- Dataset excerpt

——————————

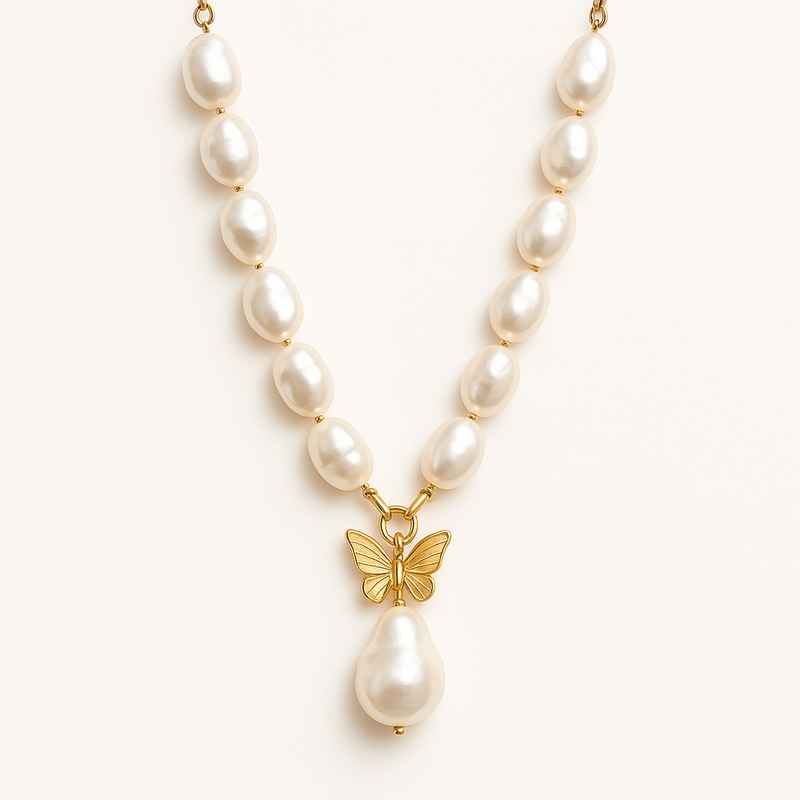 Sustainable Baroque Pearl Necklace with Butterfly Accent Gold Necklace
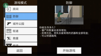 1、进入《平面僵尸防御》最新版本游戏后,点击“开始游戏”,会出现好几种关卡供你挑选。小编推荐防御模式,此模式相对简单。
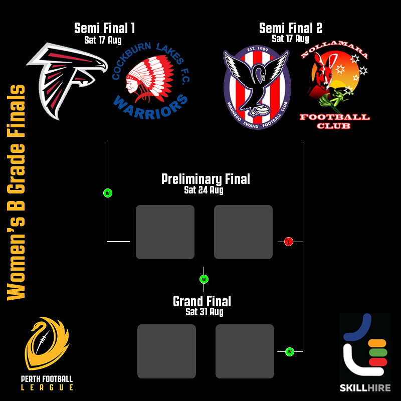 The B Grade competition sees undefeated minor premiers Warnbro Swans up against Nollamara in Semi Final 2. The match is set to be a close one with just five points and seven points separating the two sides in previous meetings this year.
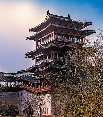 “为体现时代发展,确保功能适用,锦云楼在设计时将斗拱、门窗等进行简化提炼,以层叠的线条组团替代斗拱、以全玻幕墙替代直棱窗等,形态简洁又不失风格。”成都世园会执委会建设管理部专职副部长杨敏向记者介绍设计理念。

——————————

- Action item
Copy out the material word for word, without any images.

- Expected output
 Sustainable Baroque Pearl Necklace with Butterfly Accent Gold Necklace
 1、进入《平面僵尸防御》最新版本游戏后,点击“开始游戏”,会出现好几种关卡供你挑选。小编推荐防御模式,此模式相对简单。
 The B Grade competition sees undefeated minor premiers Warnbro Swans up against Nollamara in Semi Final 2. The match is set to be a close one with just five points and seven points separating the two sides in previous meetings this year.
 “为体现时代发展,确保功能适用,锦云楼在设计时将斗拱、门窗等进行简化提炼,以层叠的线条组团替代斗拱、以全玻幕墙替代直棱窗等,形态简洁又不失风格。”成都世园会执委会建设管理部专职副部长杨敏向记者介绍设计理念。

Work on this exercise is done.